I am an LPN.. she is an aide. She spouts quite often "I've never been written up in 27 years of aide work, and i dont intend to start now" yet she gripes constantly, and she refuses to accept any type of constructive criticism, much less praise.

If I say "You are a great aide" before I can get the BUT in there, she says "Of course i am, i've done this for 27 years...." see above statement.

I end up fed up and have to walk away, or else I'll jump all over her, and i want to be the professional one in the situation. however, with my BP skyrocketing because of the stress of her 'calling the shots' and my lack of a backbone, i'm not quite sure hwo to handle this.

I'll accept ANY advice. (btw i work in a LTC facility and I am her direct supervisor)

Specializes in Homecare Peds, ICU, Trauma, CVICU.
thank you Suesquatch for seeing what i'm having issues with. The DON is aware of the issues, she also has had them with this aide. She was only hoping that it was directed only at her, and as she has minimal contact with 'said aide' that she could continue to use her, instead of trying to find someone new.

Unfortunately it's not just 'me' she has attitude with, it is not just what she 'knows' that she tells off about. I have NO problem with her coming to me with an issues. The trash not being changed in resident's rooms, a person not being cleaned up, her feeling that she's being dumped on from other shifts. Those are all acceptable.

She, telling me what to do, how to do it, that it's not how her 'best friend' nurse does it, those are accepted until it gets too much. When I started I had a resident who's bs dropped to 30.

She was able to drink OJ and sugar. The aide in question tells me "that's not gonna work." think a three year old sing song voice. "The OTHER nurse uses soda pop and it pops it right back up."

I looked at her and very sweetly explain to her that I would do the oj and sugar first, and then move on to other venues, because that is what the order stated.

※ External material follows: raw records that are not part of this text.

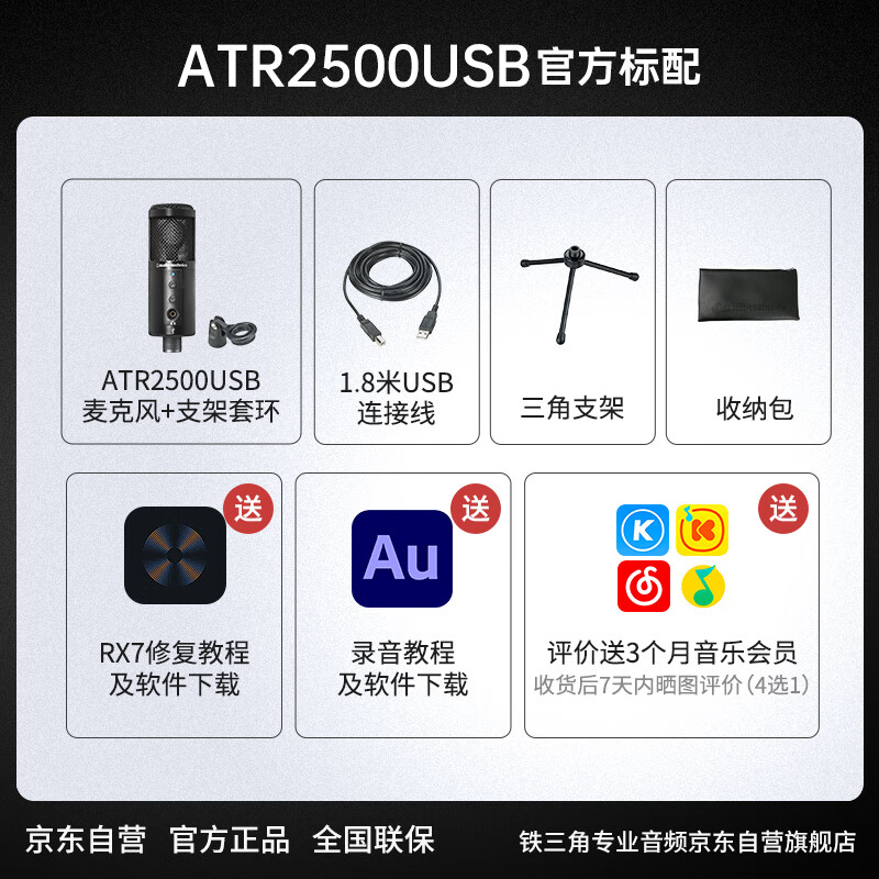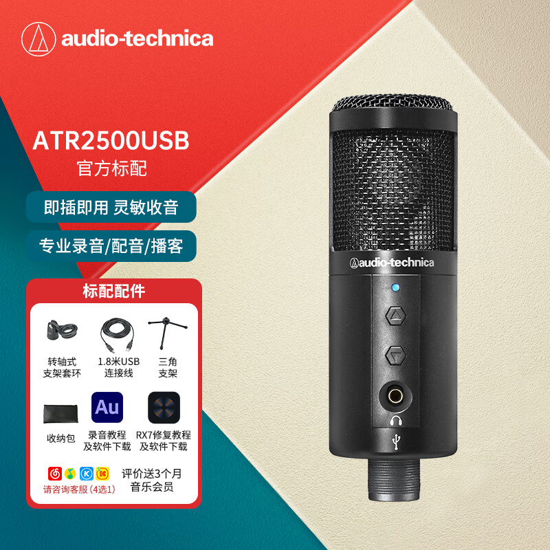 铁三角ATR2500USB 指向性电容USB麦克风电脑轻松连接直播K歌录音配音专业话筒价格:599.00元!
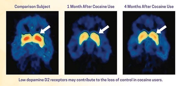 Những bản chụp cộng hưởng từ so sánh não của một người có tiền sử rối loạn sử dụng cocaine (giữa và phải) với não của một người không có tiền sử sử dụng cocaine (trái). Người bị rối loạn sử dụng cocaine có mức độ thụ cảm thể dopamine D2 (được mô tả bằng màu đỏ) thấp hơn ở thể vân một tháng (giữa) và bốn tháng (phải) sau khi ngừng sử dụng cocaine so với người không sử dụng. Mức độ thụ cảm thể dopamine trong não của người sử dụng cocaine cao hơn ở mốc 4 tháng (phải), nhưng chưa trở lại mức quan sát được ở người không sử dụng (trái). (3)
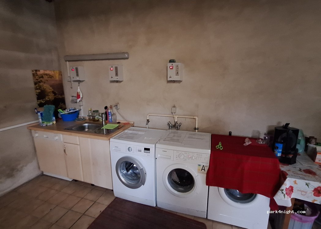 Fijne wasserette. gevestigd in een garage. enkel muntjes van 50 cent. wastafel aanwezig, we hebben hier ook water genomen.

She got angry and told decided then and there I was not a good nurse.

A resident with chest pain, diaphoretic, bp out of whack. i send him to the ER, of course he's just in 'pain' no heart attack or anything, but I had to follow protocol. The aide tellsme "There's no reason for you to send that resident to the hospital. He's not hurting, and he's not having a heart attack."

I can list a million different ways that she's overstepped her bounds as an aide. I wont. I don't feel any different than she does, aside from the fact that I have to keep her working during hte night when she falls asleep. But apparently I dont have the ability according to some here to do that either.

I'm at my wits end. I ask for help and apparently i'm the one in the wrong. That's cool, but I can't deal with her anymore, so i guess i'll be looking for a new job elsewhere. In short she gets what she wants... she wins.

I am so sorry if you took my post the wrong way. One, I totally missed that this was LTC, I guess I assumed it was acute care, and two, I always try to keep an open mind and remember that every story has two sides. I have witnessed so many complaints personally from my coworkers about other coworkers that just weren't valid, just to pick on the other person. And it goes both way, CNA's picking on nurses, and vice versa. I've had it happen to me, more than once, so I know how it feels. I also didn't gather from you're first post that patient care was suffering as a result. I just thought it was a personality clash and that was all. I'm sorry you're going through this, but if you truly like your job (except for her), please don't quit. Then she wins. And there is always going to be someone like her no matter where you work. Its best to stay and learn how to deal with it. This is a skill you will learn and will always benefit you. And if you are truly miserable there, you will/can find another job in a heartbeat. But it sounds as if the DON is on you side, try to give it a chance to work out.

Specializes in psych, addictions, hospice, education.

My opinion is that to just let it ride doesn't fix anything. I'd talk with her about it and see what you two can work out, if anything. It never pays to dance around the elephant in the living room, you know....

Specializes in Hospice/Palliative Nursing.
"i have" is a very ordinary usage. " have a boss, i have a coworker.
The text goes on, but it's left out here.